Please copy, exactly and with no pictures, only the lines from the one containing "6.9清电商仓回收1723套" through the last line of the records.

+++ Data provided

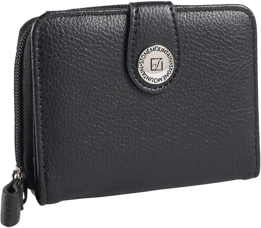 محفظة جلدية من Stone Mountain USA بسحاب صغير، باللون الأسود
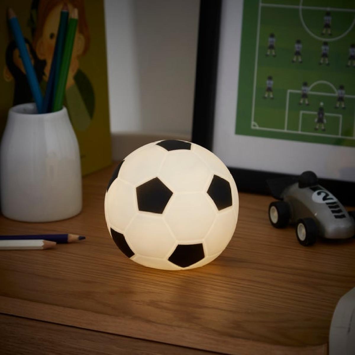 * Football Shape & Design * Emits Warm, Cosy Glow * Requires 2 x AAA Batteries (Not Required) Score big on bedtime comfort with the Football Night Light. Featuring a fun football-shaped design and a warm, gentle glow, it’s ideal for kids — especially young football fans — who want a soft light to ease into sleep.
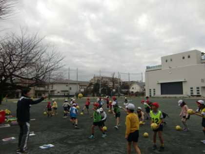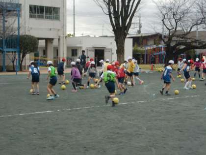 「ミニサッカー」の学習。1人1個ずつボールを持って、操る練習をしています。
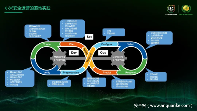 右边devsecops体系可以看做是小米内部的安全运营工作的指导,安全运营需要将sec融合到dev和ops阶段,完成整体业务的安全闭环,融合到业务的各个阶段,与dev人员、ops人员不断沟通,构造小米自己的devsecops体系。
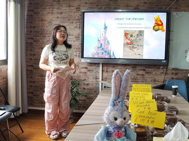 此次活动围绕中秋节的传统文化民俗展开,国际办公室助管王苾也同学向大家悉心介绍了中秋节的历史渊源、神话传说、月饼的丰富口味及各地的庆祝民俗等。
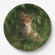 Placas de papel com uma fotografia com uma raposa de bebê giro com pelo vermelho e branco. Cercados por folhas e gramíneas verdes e peludas.
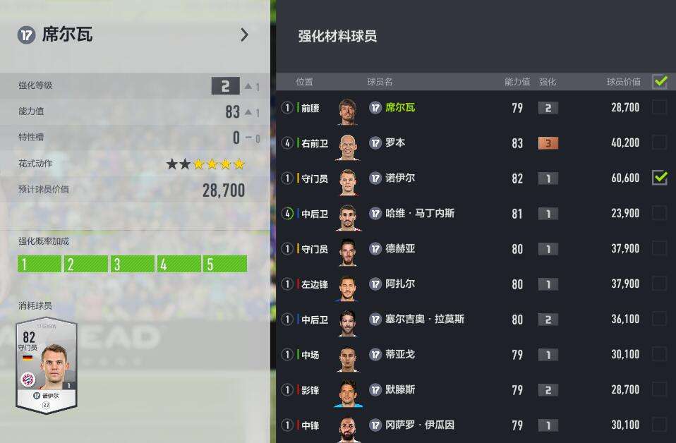 左侧为当前选择球员的基础信息,点击上方名字可改变强化球员,右侧为强化材料球员,每次强化可选择1-5名球员作为强化材料,强化材料与被强化球员无需为同一名球员,若强化材料与被强化球员为一致时,有概率触发特殊强化并且在强化失败时有概率恢复球员强化等级。选择的材料越多强化概率加成越高。
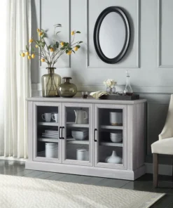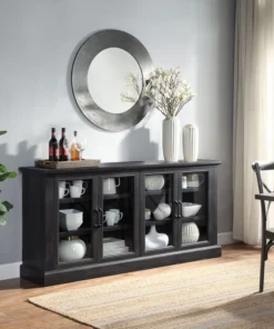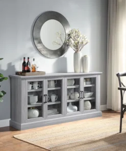 Belleze 70″ Rustic Wood Sideboard Stand 4 Doors Buffet Cabinet, Gray Wash
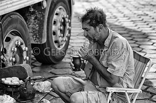 Keywords: Preto e Branco, Caminhao, Caminhoneiro, Cuia, Chimarrao, Erva-mate Erva mate, Bebida, Comida, Homem, Adulto, Gente, Sao Paulo, Piraju, 2012, Horizontal, Chaleira, Bebendo, Mateando |
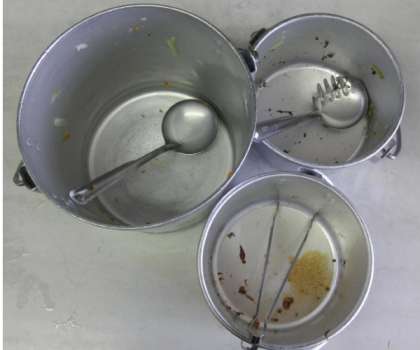 そして,食缶に入っている分量と食器の大きさ,数を見比べて,適量を取り分けることができます。みごとに食缶を空っぽにすることができる子もいます。
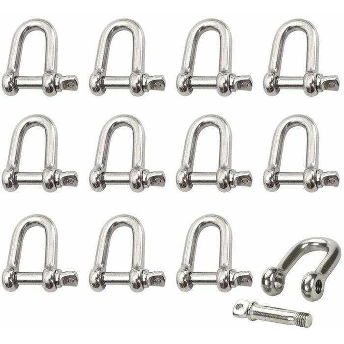 Utilisées dans les treuils, grues, téléphériques, bateaux et plus encore. Résistantes à la rouille, elles conviennent à une utilisation prolongée en intérieur comme en extérieur. Manille Acier Inoxydable Manille En Forme De D, Manille M6 En Acier Inoxydable, Manille à Anneau Accessoire Levage Marine 10 Pièces M6 D Manille, Manille 304 Inox Acier Manilles D'ancrage en Forme de D D'ancre Manilles D'anneau de D de Chaîne Manille Droite Manille de Levage pour... Grâce à un filetage précis, la connexion reste bien serrée sans se desserrer accidentellement. Nos manilles en D M6 sont conçues pour offrir une solution de fixation solide, fiable et durable. La surface lisse sans bavures empêche les blessures. Un accessoire robuste indispensable pour la sécurité et la stabilité de vos installations. Parfait pour des applications nécessitant une fixation fiable et durable. Fabriquées en acier au carbone de haute qualité, elles allient robustesse et résistance à la rouille pour des performances optimales, même dans les environnements exigeants. Adaptées à un usage intensif dans divers environnements professionnels ou personnels. 【Matériau de qualité supérieure – Durable et fiable】Nos manilles en D sont fabriquées en acier au carbone haute résistance, assurant une excellente durabilité et une grande capacité de charge. Fdit Manille d'ancrage à anneau en D 10 pièces D Anneau D'ancrage Manille Vis Goupille 304 En... Quantité suffisante pour couvrir divers besoins, que ce soit pour des projets domestiques, des activités de plein air ou des installations industrielles. Idéal pour suspendre des sacs de sable, pour la randonnée ou des applications maritimes. Avec un lot de 10 pièces, vous êtes parfaitement équipé pour tous vos projets de bricolage, d’aménagement ou d’entretien professionnel. Manille de levage en acier inoxydable de type D, arc de remorquage Dee, manilles de gréement, crochets marins, matériel de gréement, 5mm - 10mm
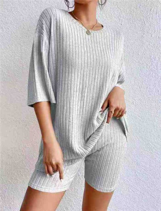 6.9清电商仓回收1723套外贸跨境热卖宽松大码短袖短裤套装,码数S-2XL。面料...
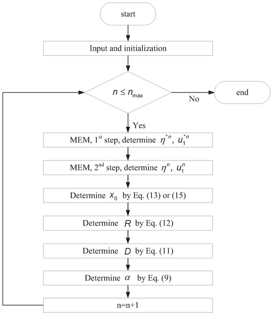 The two-step MEM calculation is first performed to obtain and . Then, , R and D are updated to determine . The process is repeated in each time step, and it continues for times. The workflow of the numerical procedure of the GN model is shown in Figure 2.
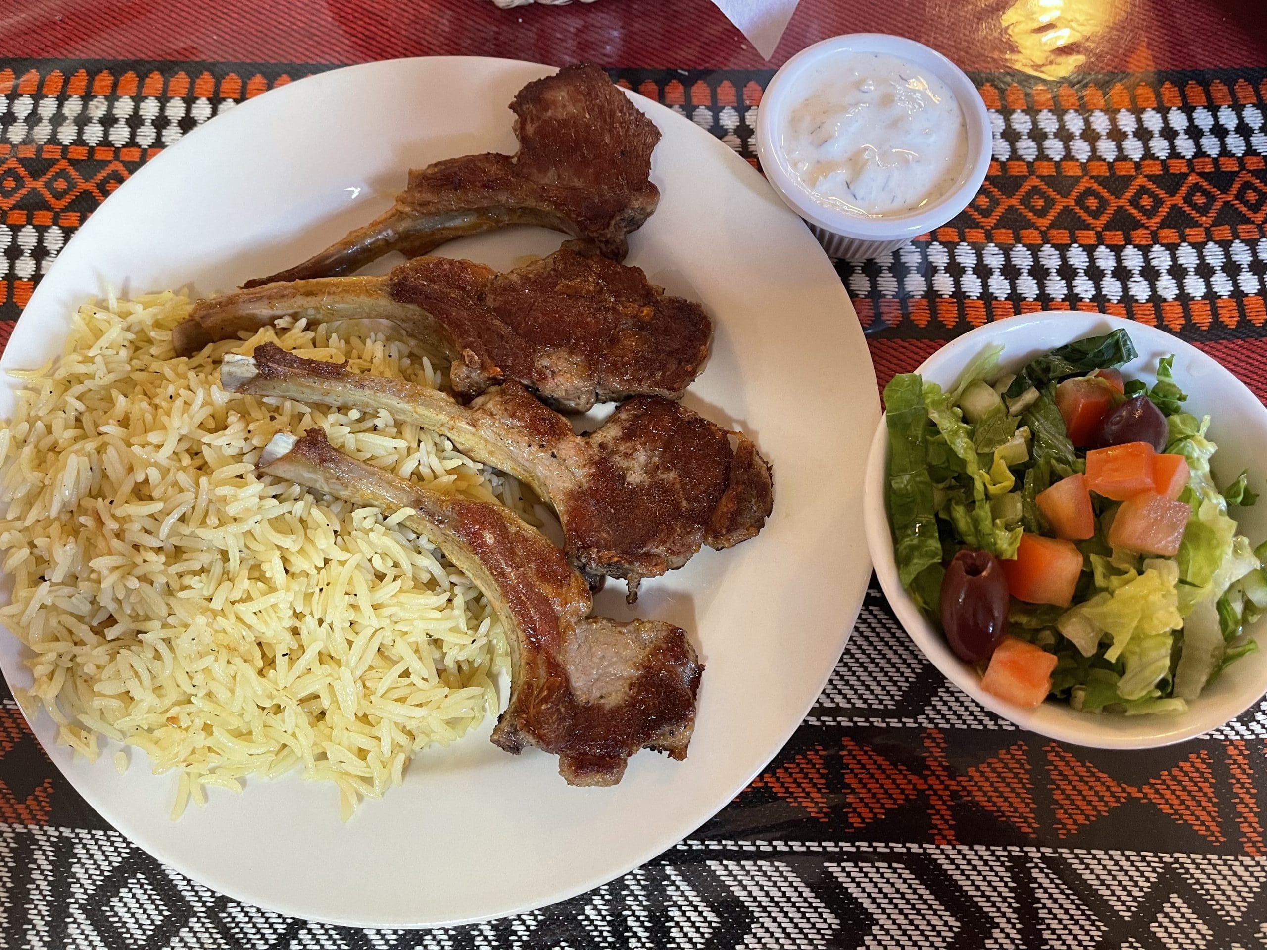 20 May 2023: In recent years lamb chops have become as costly as filling up the tank of an F-250. Sticker shock is inevitable should you order them at most restaurants. They’ve pretty much become a splurge item. When asked how I want my lamb chops prepared, I generally acquiesce to “however the chef decides they should be prepared.” Yeah, it’s a bit like trusting Alec Baldwin to teach you gun safety, but almost invariably the lamb chops are at a perfect degree of doneness. Such was the case at Habibi when four succulent lamb chops arrived at our table. Prepared to about medium, they had plenty of moistness and were nearly as tender as lamb meatballs. Best of all, they were priced at about a third what it would take to fill up that aforementioned F-250. The chops were accompanied by rice and a salad with some of the best tzatziki sauce we’ve had.

++++++

* [Written response]
 6.9清电商仓回收1723套外贸跨境热卖宽松大码短袖短裤套装,码数S-2XL。面料...
 The two-step MEM calculation is first performed to obtain and . Then, , R and D are updated to determine . The process is repeated in each time step, and it continues for times. The workflow of the numerical procedure of the GN model is shown in Figure 2.
 20 May 2023: In recent years lamb chops have become as costly as filling up the tank of an F-250. Sticker shock is inevitable should you order them at most restaurants. They’ve pretty much become a splurge item. When asked how I want my lamb chops prepared, I generally acquiesce to “however the chef decides they should be prepared.” Yeah, it’s a bit like trusting Alec Baldwin to teach you gun safety, but almost invariably the lamb chops are at a perfect degree of doneness. Such was the case at Habibi when four succulent lamb chops arrived at our table. Prepared to about medium, they had plenty of moistness and were nearly as tender as lamb meatballs. Best of all, they were priced at about a third what it would take to fill up that aforementioned F-250. The chops were accompanied by rice and a salad with some of the best tzatziki sauce we’ve had.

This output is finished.